● **WORK TASK**
From the first line to the last, copy the listing exactly and omit the images.

● **DATA SEGMENT**
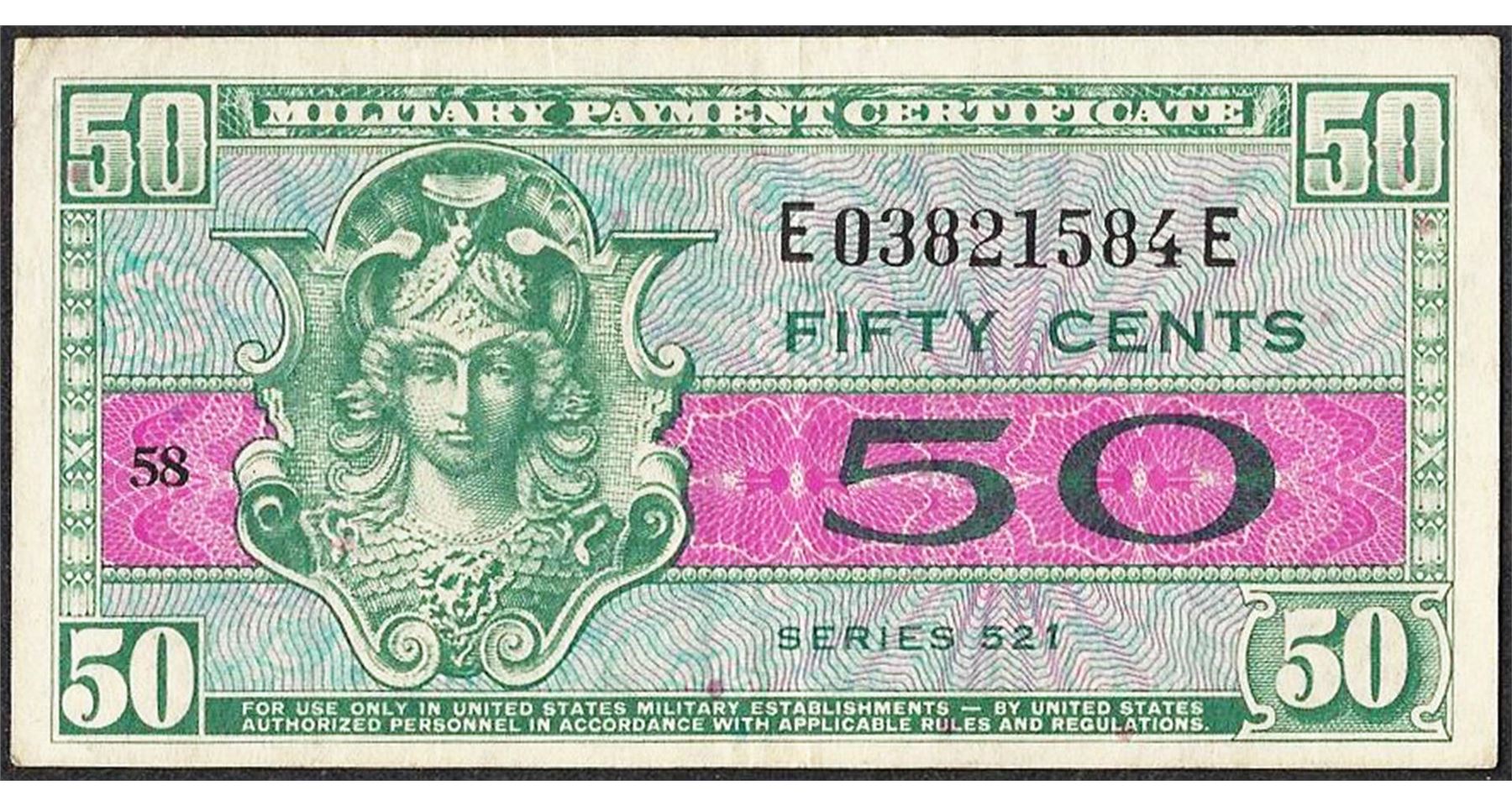 One Series 521 Fifty Cents Military Payment Certificate Note.
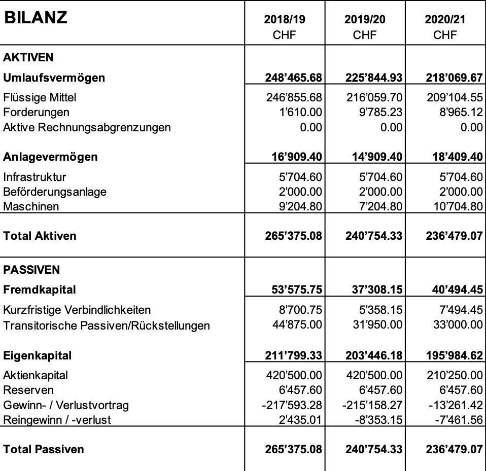 Weniger Betriebstage mit Gästen, trotzdem eine gute Betriebsführung mit motivierten Mitarbeitenden, die selbst vor aufwändigen Unterhalts- und Revisionsarbeiten nicht zurückschreckten und die Zuversicht, dass wir sowohl personell als auch von unserer Liftinfrastruktur her für den nächsten Winter bereit sind, lassen uns verhalten optimistisch in die nähere Zukunft blicken. Dementsprechend wollen wir den aufgelaufenen Jahresverlust auch nicht überbewerten. Wir sind weiterhin überzeugt, dass im SchneeSelital noch einiges an Potenzial auf Abruf bereit ist, um einen ganzen Haufen an Wintersportgästen bei uns unendlich glücklich zu machen. Aus diesem Grund hoffen wir auch darauf, dass die Behörden uns möglichst rasch einen verbindlichen Rahmen für den Betrieb in der kommenden Wintersaison präsentieren. Diese Sicherheit nützt uns genauso wie unseren Gästen.
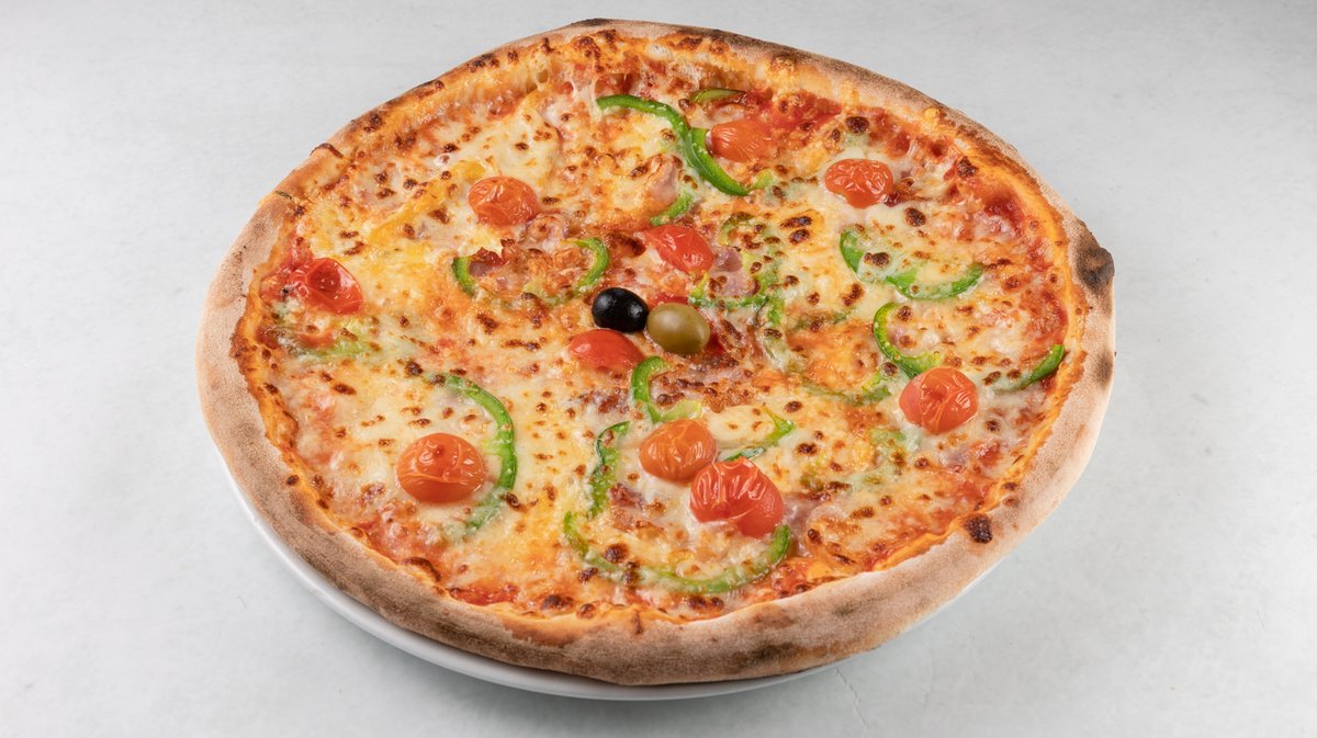 Umak od rajčice, sir, šunka, slanina, šampinjoni, vrhnje, luk *slika je simbolična
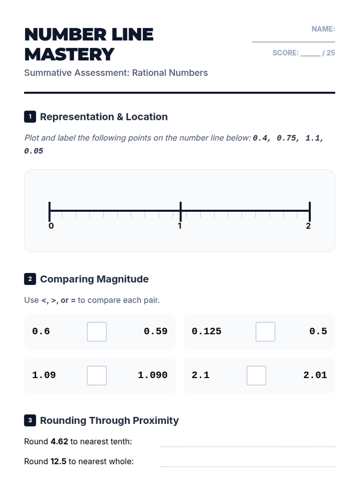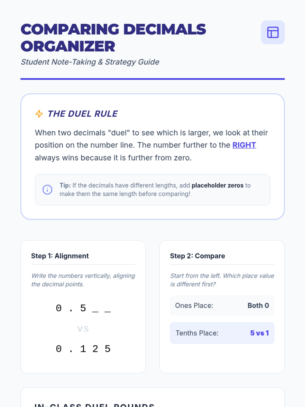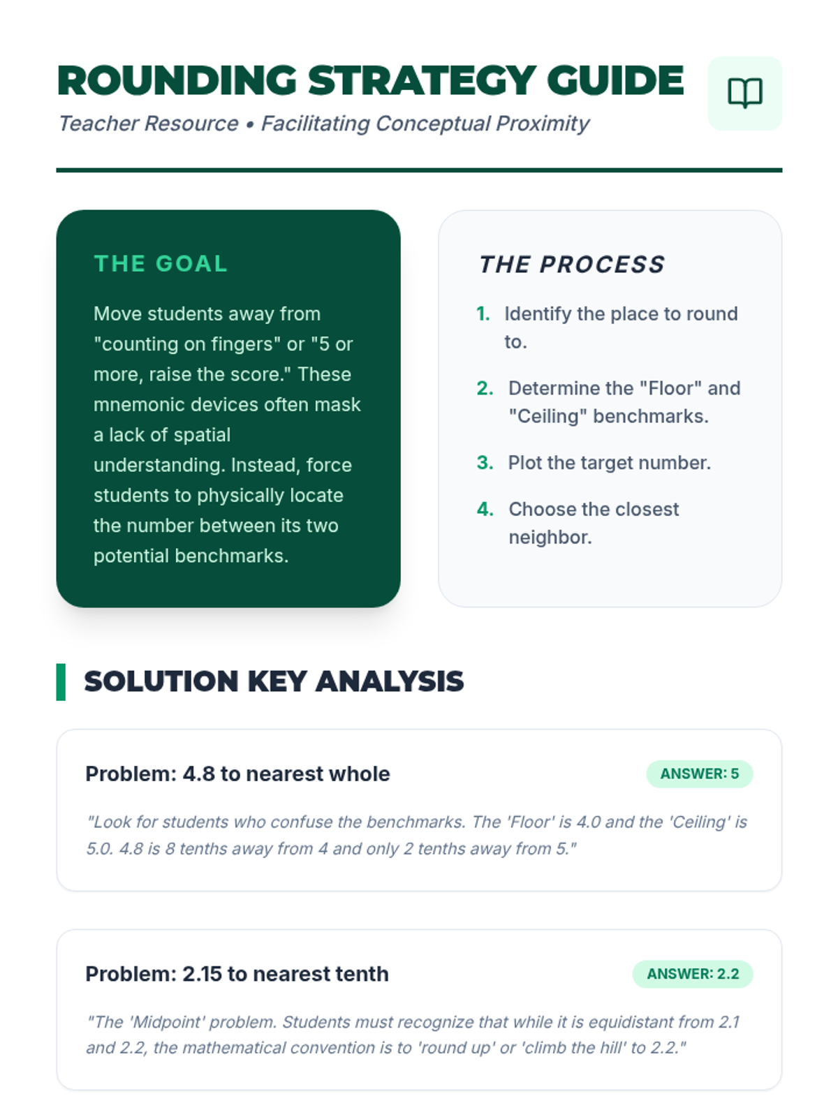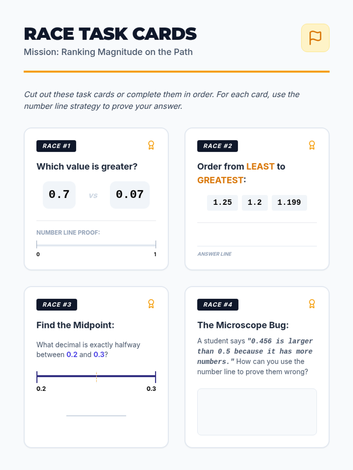 A 5-lesson sequence for 5th-grade students focusing on the conceptual 'zooming' of the number line to understand decimals. Students progress from tenths to thousandths, using spatial reasoning to compare, order, round, and discover the density of rational numbers.

● **REPLY TO THE EXERCISE**
 One Series 521 Fifty Cents Military Payment Certificate Note.
 Weniger Betriebstage mit Gästen, trotzdem eine gute Betriebsführung mit motivierten Mitarbeitenden, die selbst vor aufwändigen Unterhalts- und Revisionsarbeiten nicht zurückschreckten und die Zuversicht, dass wir sowohl personell als auch von unserer Liftinfrastruktur her für den nächsten Winter bereit sind, lassen uns verhalten optimistisch in die nähere Zukunft blicken. Dementsprechend wollen wir den aufgelaufenen Jahresverlust auch nicht überbewerten. Wir sind weiterhin überzeugt, dass im SchneeSelital noch einiges an Potenzial auf Abruf bereit ist, um einen ganzen Haufen an Wintersportgästen bei uns unendlich glücklich zu machen. Aus diesem Grund hoffen wir auch darauf, dass die Behörden uns möglichst rasch einen verbindlichen Rahmen für den Betrieb in der kommenden Wintersaison präsentieren. Diese Sicherheit nützt uns genauso wie unseren Gästen.
 Umak od rajčice, sir, šunka, slanina, šampinjoni, vrhnje, luk *slika je simbolična
 A 5-lesson sequence for 5th-grade students focusing on the conceptual 'zooming' of the number line to understand decimals. Students progress from tenths to thousandths, using spatial reasoning to compare, order, round, and discover the density of rational numbers.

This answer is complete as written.